Tickle’s presentation raises serious questions about the position of the courts when social media posts from parents and others strongly indicate that they do not feel listened to and they feel overwhelmed by a powerful inevitability in the outcome.

On one level, there is nothing new in this. On another there is a serious question for professionals in making sense of and giving credence to what parents and others have to say when they express their views on social media.

Continuous and public challenge

For every professional, maintaining integrity, respect for and engagement with parents in great difficulty is fundamental to the role. But doing so when there is a continuous and public challenge on social media to the accuracy, relevance and fairness of a social worker’s evidence can be overwhelming. And Tickle raises a troubling question about whether this could be resolved by social work interviews being recorded as they are in criminal investigations. There is also another vexed question about the use of social media posts as evidence against the parents.

Every one of these issues is troubling. But the one issue that is given little attention is the position of the child in all of this. We know that children can be seriously at risk when the adults in their lives continuously argue and are in serious conflict with each other with both immediate and long-term consequences.

From their point of view, they need their parents and any professionals involved ‘to get their act together’ and pay attention to them and their need for a safe, secure and loving home. This indicates a powerful cooperative venture by adults and services that are on the side of the child. But unfortunately, the challenge posed by the tide of social media postings results in the child rarely being mentioned.

By Dr John Simmonds, Director of Policy, Research and Development at CoramBAAF.
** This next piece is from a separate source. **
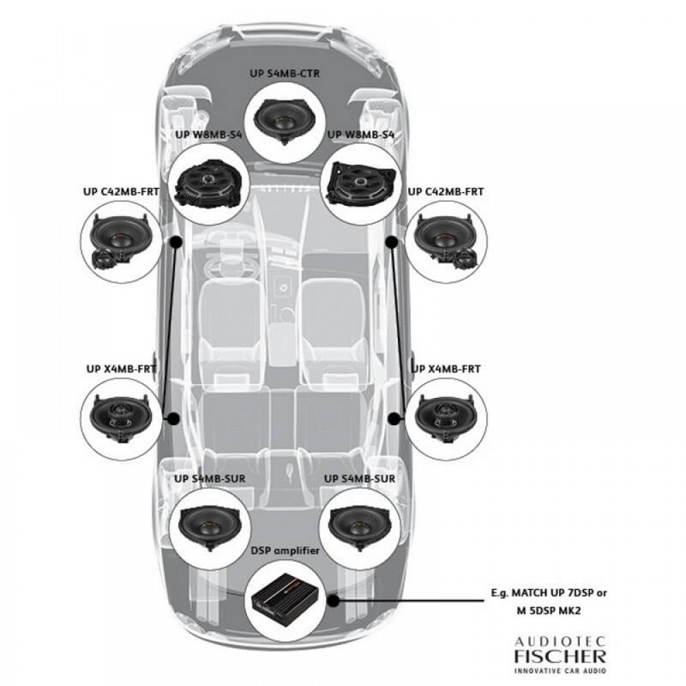 Высококачественные немецкие акустические системы MATCH позволяют заменить штатную акустику в автомобилях Mercedes, BMW и VW без особых усилий и доработок, при этом качество звучания штатной аудиосистемы Вашего автомобиля улучшится в несколько раз! Бренд MATCH принадлежит немецкой компании Audiotec Fischer, которая завоевала себе известность благодаря производству высококачественных акустических систем для автомобильного и домашнего использования под брендами Helix и Brax еще в 90е годы и удерживает лидирующие позиции и по сей день.

One Response to ‘Dishonesty, coercion and power’: how do social workers respond to social media criticism of care proceedings?

  1. Louise Marshall May 31, 2018 at 11:56 am #

    If social workers use the neglect toolkit as an educational tool for families to empower them to make changes.This can help families who want to make changes have better relationships as they will feel they are supported rather than ‘done to’. A different approach is needed for compromised parenting or repeat offenders.